Begin at the line below that holds "2、在我的頁面,點(diǎn)擊登錄注冊(cè)。" and end at the line that holds "登录后,填写个人社交信息,包括性别、生日与昵称等。", transcribing each line exactly and skipping any picture.

BEGIN

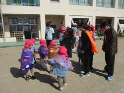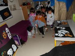 4歳児クラスの子どもたちは、夏にコツコツと作ってきたお化けの人形を使い、お化け屋敷をオープン!入ってくるお客さんに合わせて「ちっちゃい子は怖がるから、追いかけるのはやめとこ」「先生が入ってきたときには思いきり怖いお化けに変身しよな!」とお化けの怖さを調節しながら、みんなを楽しませてくれました。年長さんに向けて、小さい子への配慮ができる頼もしいお兄さんお姉さんになってきた4歳児なのでした。
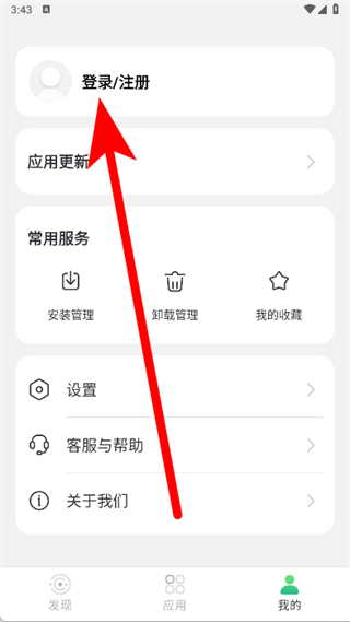 2、在我的頁面,點(diǎn)擊登錄注冊(cè)。
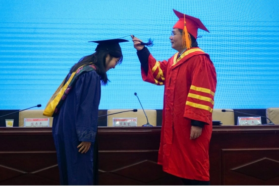 董事长易兵为获得硕士学位的研究生拨穗
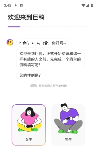 登录后,填写个人社交信息,包括性别、生日与昵称等。
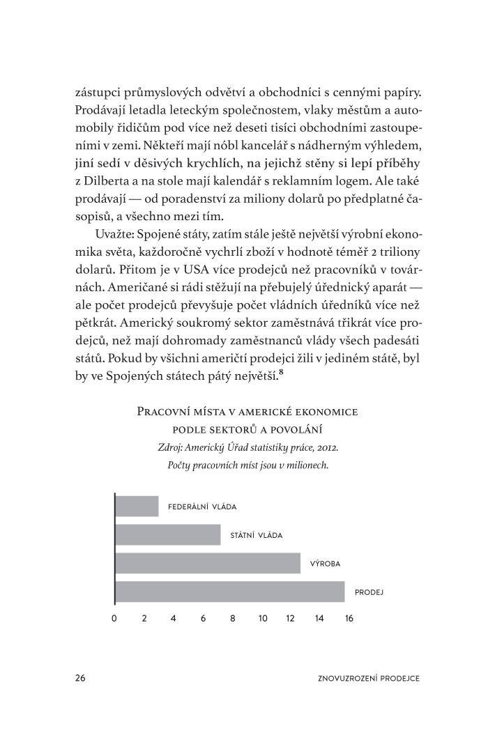 Neotřelá a překvapivě užitečná kniha zkoumá a objevuje sílu prodejních schopností, kterou nakonec používáme úplně všichni. A zejména mimo oblast přímého prodeje. Vždyť v době vzestupu malých podniků, ve kterých všichni dělají to, co je právě potřeba, jsou všichni také prodejci, ať už o tom vědí, či ne.

END

- **RESULT OF THIS EXERCISE**:
 2、在我的頁面,點(diǎn)擊登錄注冊(cè)。
 董事长易兵为获得硕士学位的研究生拨穗
 登录后,填写个人社交信息,包括性别、生日与昵称等。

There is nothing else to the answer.